Commentaire sur les élections en Suisse du 22.10.2023
A la fin de l'année dernière, l'Institut de recherche sociale de Berne, la GFS, a publié son baromètre annuel des préoccupations des Suisses. L'institut est respecté par toutes les forces politiques comme un institut relativement objectif. Le changement climatique et la peur des catastrophes écologiques arrivent en tête avec 39%. En deuxième position, on trouve le souci d'une retraite assurée avec 37%. En cinquième position, on trouve l'inquiétude face à la baisse du pouvoir d'achat. L'immigration n'est considérée comme un problème qu'en neuvième position, avec seulement 19 % des citations, et la politique d'asile arrive en dixième position, sans doute parce que la plupart des gens la considèrent comme une tâche facile et peu angoissante.
Dix mois plus tard, les Suisses ont renouvelé leurs deux parlements nationaux: le Conseil national, élu à la proportionnelle avec 200 sièges, et le Conseil des États, plus petit, un sorte de sénat des cantons. Les Verts perdent cinq sièges, les Verts libéraux six, tandis que le parti conservateur de droite, l'UDC, en gagne neuf. Le PS, au positionnement social fort, gagne tout de même deux sièges. L'UDC, dont le programme électoral ne se distingue que marginalement de celui de l'AfD et qui lui sert de modèle, peut désormais compter sur 27.9 % des voix en Suisse, soit près d'un tiers. Le bloc de gauche perd globalement des parts de marché.
Les élections nationales sont importantes en Suisse, mais n'ont rien d'absolu. Depuis 64 ans, le gouvernement est formé par une coalition permanente des quatre plus grands partis. Cette composition ne changera pas. En outre, il est possible à tout moment de faire échouer une décision gouvernementale par le biais d'un référendum. Les élections nationales relèvent du marketing politique. Le seul parti en Suisse qui entretient depuis 25 ans une machine de marketing gérée de manière centralisée et alimentée par des millions provenant de sources opaques est l'UDC. Ce parti a absorbé tous les groupes d'extrême droite de Suisse et sert leurs récits. Il exploite la peur et a mené une campagne électorale d'exclusion à l'aide de campagnes racistes, dans lesquelles il n'a pas hésité à utiliser des slogans nazis ("Les Suisses se réveillent").

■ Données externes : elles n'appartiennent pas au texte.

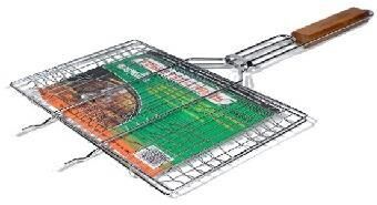 Двойная решетка для гриля L=59 см с деревянной ручкой- для мяса, упоры для мангала Коробка: 66*35,5*35 см, вес 19 кг, 12 кор/пал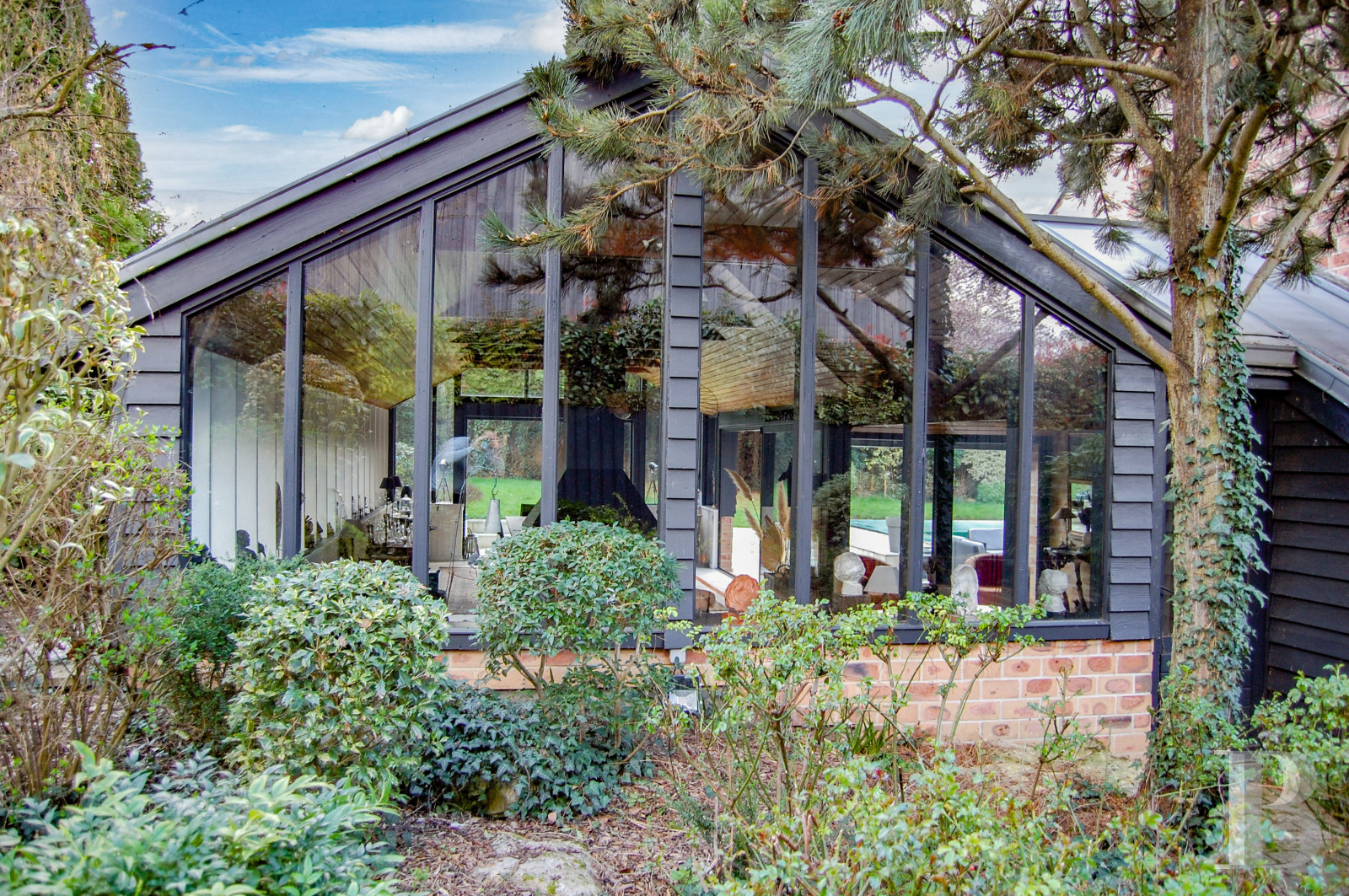This delightful home is a true gem, set back from a private road by a golf course in an unspoilt environment. The pleasant dwelling harmoniously combines modern architecture with nature. Its glazed wing is bathed in an abundance of natural light and recalls the spirit of country homes with sweeping landscape vistas. The building materials used, notably brick, timber and zinc, give the home a warm, timeless character. The vast reception rooms, extended outside with a terrace, pool and tree-dotted garden, invite you to enjoy an outdoor-oriented lifestyle according to the seasons. And the house’s self-contained studio apartment could be used for a range of purposes. It could comfortably host family and friends. In short, this splendid property is an ideal blend of calm, character and greenery. It offers a wonderful backdrop for a peaceful village life close to the French capital.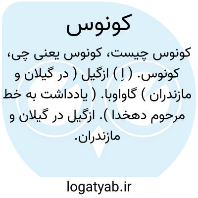 کونوس. ( اِ ) ازگیل ( در گیلان و مازندران ) گاواوبا. ( یادداشت به خط مرحوم دهخدا ). ازگیل در گیلان و مازندران. کنس. کنوس. ( جنگل شناسی تألیف کریم ساعی ج 2 ص 235 ).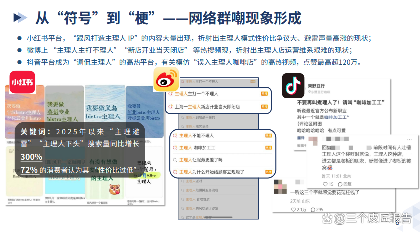 网络群嘲现象:微博、小红书、抖音等主流平台对 “主理人” 的负面声量远超正中性声量,各平台负面标签不同,如微博聚焦 “不理人、咖啡刺客”,小红书侧重 “性价比低、体验差”,抖音关注 “傲慢服务、规则奇葩” 等;且相关吐槽内容热度高,如抖音模仿视频点赞超 120 万,“主理避雷” 搜索量同比增 300%。

Un thème central de l'UDC était une image dans son journal gratuit "Quelle Suisse voulons-nous", envoyé à des millions de ménages. A gauche, nous voyons l'image d'un groupe de nombreuses personnes à la peau foncée, reconnaissables comme migrantes, entassées dans un espace restreint et barrées de rouge. A droite, l'image d'une famille suisse modèle "blanche", en train de se promener dans la nature verdoyante: "C'est cette Suisse que nous voulons!"
Les votes faits avec cette forme d'agitation sont certes juridiquement valables, mais ils ne sont pas respectables. Ils en disent beaucoup plus sur sur l'impudence du leader de ce marché politique dans l'exploitation inconsidérée des peurs de ses votant·es que sur leurs vrais soucis.Ils ne disent rien des tâches humaines, sociales et environnementales spécifiques auxquelles nous voulons et devons nous atteler. La gauche perdante de ces élections devrait sans doute revoir un peu ses stratégies, quitter de temps en temps ses thrones conquis et aller dans la rue.
Retournons à notre travail à la base et ne nous laissons pas impressionner.